I've got corn on the cob here.
I'd like to try making cream corn. Would you mind sharing what your recipe, is?
Fresh corn, sharp knife, big pan and for a beginner, probably best outside.
To shuck corn, I use a cutting board or a plan ol’ board. I use a heavy knife. I feel the base of the corn to find the end of the cob, chop. Then I feel the tip of the corn to find where the kernels start, chop. Then I can grab silks and shucks and pull them down. Go around the cob, pulling off shucks and silks. Take corn in house and wash, try to get all the silks off that you can.

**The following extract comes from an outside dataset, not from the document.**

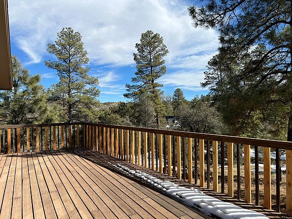 Charming well-kept furnished home in wonderful private wooded neighborhood 1/3 mile to national forest, 3 miles to a Walmart and close to hospital and great schools. Older home but built well and has everything including a gym and a real phone booth. Wildlife is abundant and neighborhood is kid-friendly yet quiet. House is on 2 acres and owners live next door. Nearby forest is great for mountain biking, hiking and horses. Horse boarding close by as well. Family currently living in it so no tour until the beginning of April Fully furnished. WiFi included. Utilities quite low since solar system but still on grid. Probably no pets.

Edited to add, if just doing a few ears for immediate consumption, you don’t have to blanch it.
Take corn back outside. I use a graniteware roasting pan. Stand cob up and with sharp paring knife, cut tops off kernels all the way down. Make cut again in the same place. Do it again. Turn cob ad repeat, until you have gone all the way around the cob. Since cuts are square and cob is round, there will be some semi-cut ridges, cut them too. To get the “milk” off the cob, scrape it with the knife. The milk will splatter, that’s why to do it outside. Dried corn splatters are difficult to clean up!
If putting up corn for the freezer, put 4 cups of creamed corn in Pyrex baking dish and put in preheated oven at 350F for 5 minutes. Take out, stir and put back in the oven for another 5 minutes. If less corn, then use less time, cut it down to 8 or even 6 minutes. Basically you want it to be steamy when you take the corn out of the oven. That blanches the corn and stops the enzyme action.
Let cool. For just me, I put 1 cup of corn in a zip lock baggie and roll it up, forcing the air out and seal it. 1 cup gives me 2 meals.
I just took a picture of the corn I put up in May. My son and I were traveling back roads on our way home from Corpus Christi. There was a farm stand next to the family’s corn field and I bought 4 dozen ears of sweet corn.